Physics in Elliptical Machines
When you byciclying, the forwarding momentum will help you pass through the the dead spot, so you have a smooth ride.
However, for a elliptical machine or a staionary bike, we will need to create a rotational momentum, or rotational kinetic energy to help pass the dead spots, avoid jerk or stutter caused by those dead zone, producing smooth and low-impact resistance.
Moentum and kinetic energy are two approaches to explain the physics of elliptial machine, while kinetic energy can better explain the relationship how the flywheel diameter, weight and rotation speed are related to the smooth, low-impact resistance of a elliptical machine.
Elliptical machines are all designed to have a flywheel. The role of the flywheel is to keep the movement fluid, so that the users can feel the resistance smooth and natural, which is essential for both comfort and effective exercise.
In essence, the flywheel serves as an energy storage device within the mechanical system. Unlike purely static resistance systems, an elliptical machine operates under continuously changing human input. The flywheel stabilizes this variability by converting intermittent human force into a more uniform rotational motion. This is why machines with insufficient flywheel performance often feel “choppy” or mechanically disconnected from the user.

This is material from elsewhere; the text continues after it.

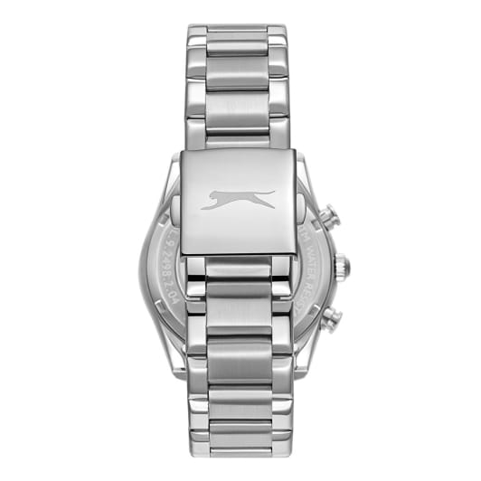Мужские кварцевые часы Slazenger — это выразительный и функциональный аксессуар. Корпус диаметром 43 мм и толщиной 12 мм выполнен из нержавеющей стали 316L. Циферблат серебристого цвета оформлен индексами и стрелками с люминесцентным покрытиемЛюминесцентное покрытиеПозволяет считывать показания времени в темноте. Производители наносят на стрелки, часовые индексы, безель или поверхность циферблата светонакопительный состав, дающий холодное свечение., обеспечивающим хорошую читаемость в темноте. БезельБезельВнешний ободок, закрепляющий стекло. В спортивных часах так называется поворотное кольцо с делениями на циферблате, выполняет роль таймера – замеряет отрезки времени на шкале. Неподвижный безель – элемент декора. Однонаправленно вращающийся безель на дайверских часах позволяет фиксировать моменты погружения и выныривания на поверхность. из нержавеющей стали с PVD-покрытиемPVDУльтратонкое покрытие наносится в технике вакуумного напыления, сочетает в себе нитрид титана особой прочности со слоем золота или оксида хрома. Несёт в себе декоративную или защитную функцию.. Циферблат защищён минеральным стекломМинеральное стеклоМинеральное стекло представляет собой искусственно выращенный минерал кварца. Такое стекло отличается особой устойчивостью к повреждениям и царапинам. Уступает по некоторым качествам сапфировому стеклу.. Механизм — кварцевый калибр JP25. Часы оснащены индикацией дня недели, даты, 12/24-часового формата времени и функцией второго часового пояса (GMT)Второй часовой поясФункция, позволяющая отображать время двух часовых поясов одновременно.. Окошко даты расположено между 4 и 5 часами. Часы оснащены стальным браслетом из нержавеющей стали 316L с раскладной застёжкойРаскладная застёжкаТакой тип застёжки используется только на браслетах из металла. Она никогда не раскрывается полностью, происходит разделение на 2 и более частей. Раскладывающая застёжка снизит вероятность потери часов к минимуму.. Водонепроницаемость 100 м позволяет использовать часы для плавания и повседневного ношения. Гарантия — 12 месяцев. Идеальный выбор для тех, кто ценит стиль, функциональность и качество.

Rotation Kinetic Energy — Ek
In an elliptical machine, a certain level of Rotation Kinetic Energy (Ek) must be maintained in the flywheel to ensure smooth, continuous motion throughout the pedal cycle.
From a physics perspective, rotational kinetic energy is the direct equivalent of linear kinetic energy in a moving object. Just as a moving mass carries momentum forward, a rotating flywheel carries angular momentum through the pedal cycle. This is particularly important in an elliptical machine because human force is not constant. The biomechanics of pedaling naturally produce peaks and valleys of force. The flywheel’s stored energy bridges these gaps, allowing the system to behave as if it were driven by a more constant input source.As the user applies force unevenly—stronger in some phases and weaker at the top and bottom of the stroke — the stored energy in the rotating system carries the motion through these low-force regions, preventing jerky or interrupted movement. This energy (Ek) acts as a buffer, absorbing input when force is high and releasing it when force drops, resulting in a consistent and stable feel.
If the Ek is too low, the motion becomes uneven and requires constant effort to sustain; if sufficient Ek is maintained, the system feels fluid and natural, which is essential for both comfort and effective exercise.
Parameters Affecting Ek
The rotation kinetic energy Ek is calculated as
Ek = ½ Iω2
I = mr2 — Inertia
r — radius of flywheel
For an elliptical machine, the Ek of the flywheel is affected by its mass, radius and the rotation speed.
This relationship reveals an important engineering insight:
- Increasing mass (m) or radius (r) increases inertia linearly or quadratically
- Increasing angular speed (ω) increases energy quadratically.
This means that angular speed is the most powerful parameter for increasing rotational kinetic energy. A relatively small increase in speed can compensate for a large reduction in mass or size.
Principle for an Optimal Design ...
In practical design, there are trade-offs associated with each parameter:
- Increasing mass improves stability but adds weight, cost, and structural demand
- Increasing radius enlarges the machine footprint and affects packaging
- Increasing speed introduces higher mechanical complexity, stress, noise, and precision requirements
Therefore, an optimal design is not about maximizing a single parameter, but about balancing all three to achieve the designed applications and desired user experience.
LB007 vs Traditional Elliptical Machine
Traditional elliptical machines rely on large (big r) and heavy (big m) flywheels to maintain the required Ek through a single-stage transmission. This approach depends primarily on mass and size to stabilize motion. While mechanically straightforward, it results in machines that are bulkier, heavier, and less efficient in terms of material use.
LB007, in contrast, achieves the required Ek by operating the flywheel at a significantly higher rotational speed. This allows the system to deliver the same smoothing effect with a much smaller and lighter flywheel, reducing overall size and weight without compromising motion quality.
To enable this, LB007 uses a two-stage transmission system with a 1:16 ratio, progressively increasing the rotational speed from the pedal input to the flywheel. This design shifts the system from a mass-driven approach to a speed-amplified approach. While a two-stage transmission introduces greater mechanical complexity and requires higher precision in components and assembly, it allows for a more compact and efficient overall design.
For comparison, a mid-range traditional elliptical machine typically uses a 20–30 lb flywheel, whereas the flywheel in LB007 is only 5 lb. Despite this large difference in mass, the higher rotational speed enables LB007 to achieve sufficient rotational kinetic energy for smooth and continuous motion.
From an engineering standpoint, this represents a more optimized use of physical principles—leveraging angular velocity rather than relying solely on mass—resulting in a machine that is more compact, efficient, and responsive.